Я снова слышу звуковой сигнал.

Солнечный свет из моих снов превращается в искусственный свет, перед глазами белая простыня. Медленно открываю глаза, смаргиваю плотную пелену, и сверху появляются потолочные панели. Я нахожусь в комнате, лежу на спине. Шевелю пальцами на руках. Пальцами ног. Шум звучит приглушенно, просачиваясь из-за… занавески.

Я смотрю на нее. Она василькового цвета и слегка колышется, когда мимо нее с другой стороны проносятся какие-то фигуры.
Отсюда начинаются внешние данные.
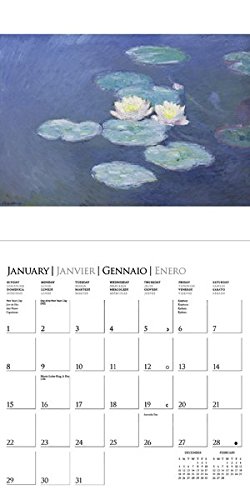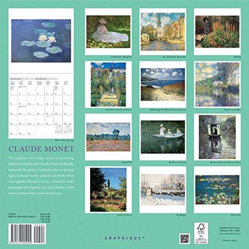 -. Artist : Claude Monet -. Binding : Calendar -. Brand : Graphique -. EAN : 9781477025024 -. Edition : 16m Wal -. Feature : Size: 12" x 12" format / Plan ahead with a 4-month preview page for 2018 / Each page includes before & after preview months / Includes public & culturally significant holidays / 4 languages: English, French, Spanish & Italian -. ISBN : 1477025022 -. Label : Graphique de France -. Manufacturer : Graphique de France -. Model : CY0317 -. MPN : CY0317 -. NumberOfItems : 1 -. PackageQuantity : 1 -. PartNumber : CY0317 -. ProductGroup : Office Product -. ProductTypeName : OFFICE_PRODUCTS -. PublicationDate : 2016-07-15 -. Publisher : Graphique de France -. Studio : Graphique de France -. Title : Graphique 2017 Monet 12" x 12", Wall Calendar (CY0317)
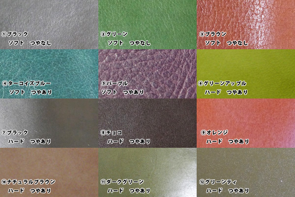 栃木レザー等高品質なレザーのみ厳選し、カラフルな12色(2012年5月現在)から2色をお好みで組み合わせて

Я лежу на больничной койке.

Белое одеяло натянуто до груди, к телу прикреплены капельницы и иглы. Когда растопыриваю пальцы на правой руке, лейкопластырь натягивает кожу. Во рту пересохло, мышцы затекли, а затылок чешется.

Я едва успеваю осознать, что меня окружает, когда из-за занавески выглядывает голова с волосами цвета воронова крыла.

— Мисс Элла, — говорит мягкий голос. — Я Наоми, одна из медсестер.

Я моргаю, глядя на нее, замечая ее волосы, заплетенные в пучок и губы, накрашенные розовым и очки на переносице.

Женщина проходит дальше в комнату, тепло улыбаясь.

— Так приятно видеть, что твои глаза открыты. Как ты себя чувствуешь? Ты меня понимаешь?

Наоми подходит ко мне, поправляя постель, чтобы мне было удобнее.

— Понимаю, — отвечаю я, мой голос хриплый, едва слышный. — Что случилось?

— Ты в больнице. Что ты помнишь?

Я закрываю глаза. Мой разум — чистый холст, а желание вспомнить — кисти и краски. Образы проносятся в моей памяти, когда я поднимаю кисть и наблюдаю, как цвета оживают в аккуратных мазках.

Оранжевый.

Брызги оранжевого мерцают в ночном небе.

Я смотрю вверх на мерцающие вспышки света, когда громкие раскаты эхом проносятся сквозь темноту и смешиваются с далекими возгласами.

— Фейерверк, — бормочу я, глаза по-прежнему закрыты. — Я помню фейерверки.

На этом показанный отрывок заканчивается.